Former Virginia house of representatives member

Sally Lindquist Hudson is an American economist and politician. She was the first woman elected to represent the 57th district in the Virginia House of Delegates, serving from 2020 to 2024 as a member of the Democratic Party. The district included all of the city of Charlottesville and portions of nearby Albemarle County.

==Early life==
Hudson grew up in Lincoln, Nebraska. She studied economics and math at Stanford University, and received her PhD in economics from MIT.

==Career==
After earning her Ph.D., Hudson joined the faculty at the Batten School of the University of Virginia as an Assistant Professor of Public Policy, Education, and Economics. Her research focuses on public sector labor economics and higher education finance.

==Political career==

===2019===
In the 2019 Virginia House of Delegates election, Hudson challenged incumbent Democrat David Toscano, the former house minority leader. However, Toscano announced his retirement and did not run for reelection. Instead, Hudson faced architect Kathleen Galvin in the primaries. Hudson won with 65.5% of the vote.

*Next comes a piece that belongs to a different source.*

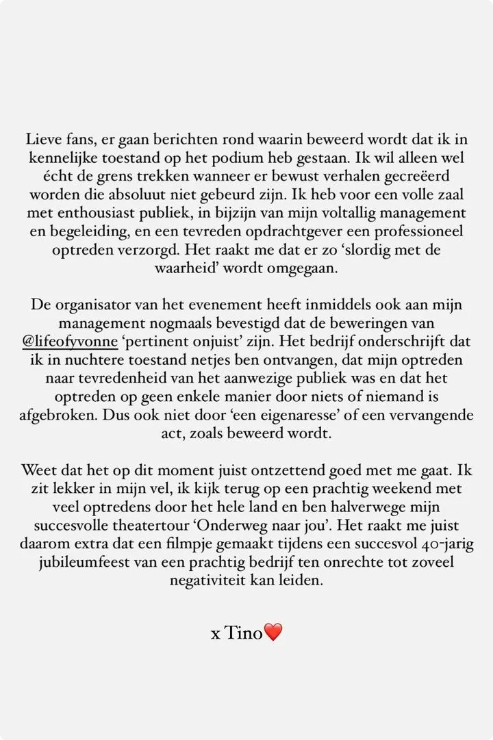 De zanger stond zaterdag op een bedrijfsfeest in Veghel van een grote modeketen. Hij heeft daar een half uur gezongen. Op beelden van het feest, die onder andere door Yvonne Coldeweijer werden gedeeld, is te zien hoe Tino veel praat en de microfoon vaak richting het publiek houdt om zelf niet te veel te zingen. Boze tongen beweren daarom dat hij een glaasje teveel ophad en dat de organisatie hem woest van het podium heeft gehaald, wat Tino zelf stellig ontkent.
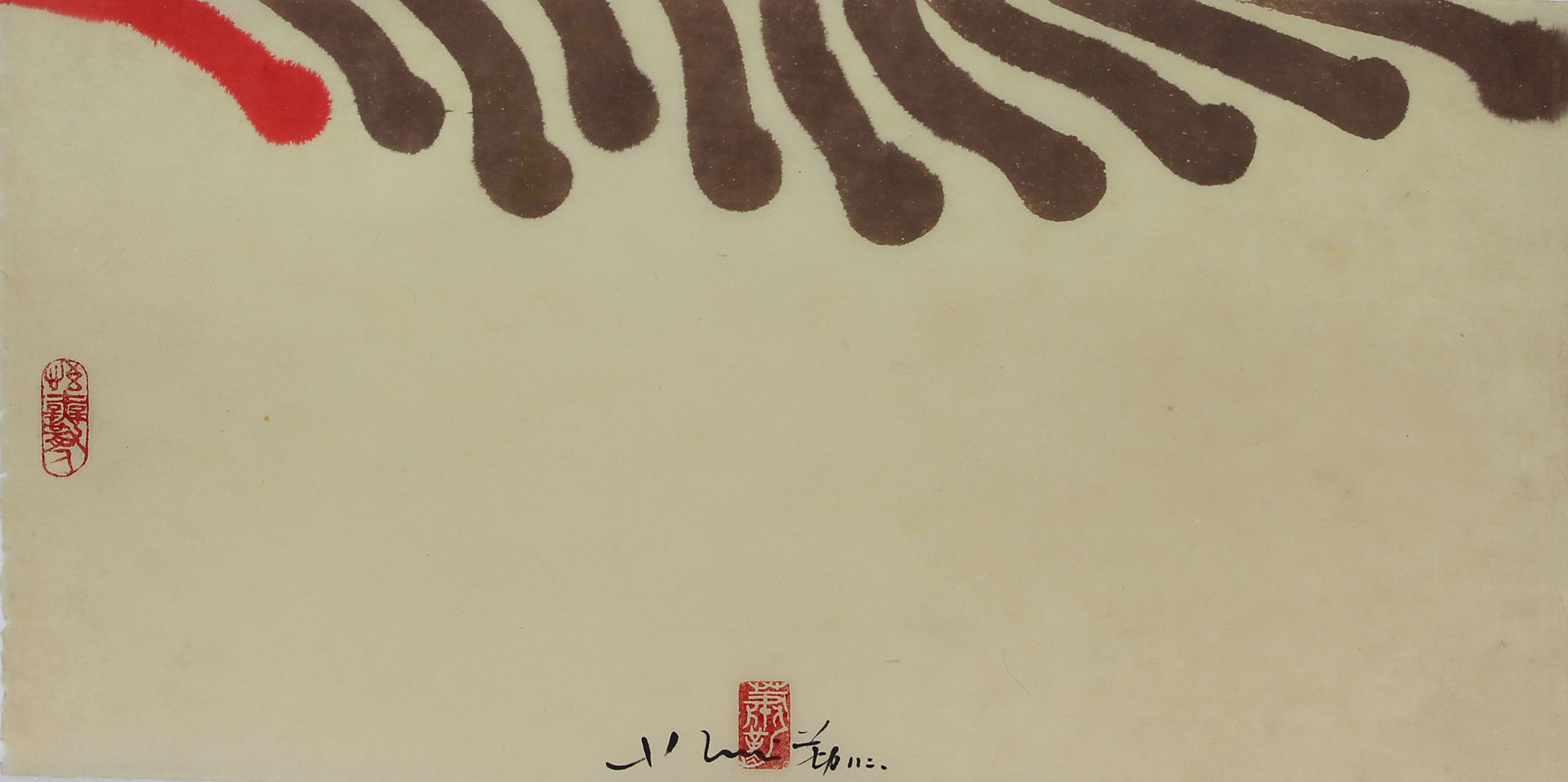 Chin Hsiao Senza titolo, 1984 tecnica mista su carta, cm. 37,7x64 firmata in basso al centro, certificazione su fotografia della Galleria arte Spiga Milano senza cornice

Hudson ran unopposed in the general election, and won with 96.1% of the vote.

As a freshman legislator in 2020, Hudson successfully carried legislation to authorize the use of ranked-choice voting in Virginia's local elections.

===2021===
Hudson was re-elected in the 2021 Virginia House of Delegates elections, defeating her Republican challenger 78.5% to 21.3%.

===2023===
On November 21, 2022, Hudson announced a run for the 11th district of the Senate of Virginia in the 2023 Virginia Senate election.
She lost the Democratic primary election to incumbent Creigh Deeds by a margin of 50.9% to 49.1%.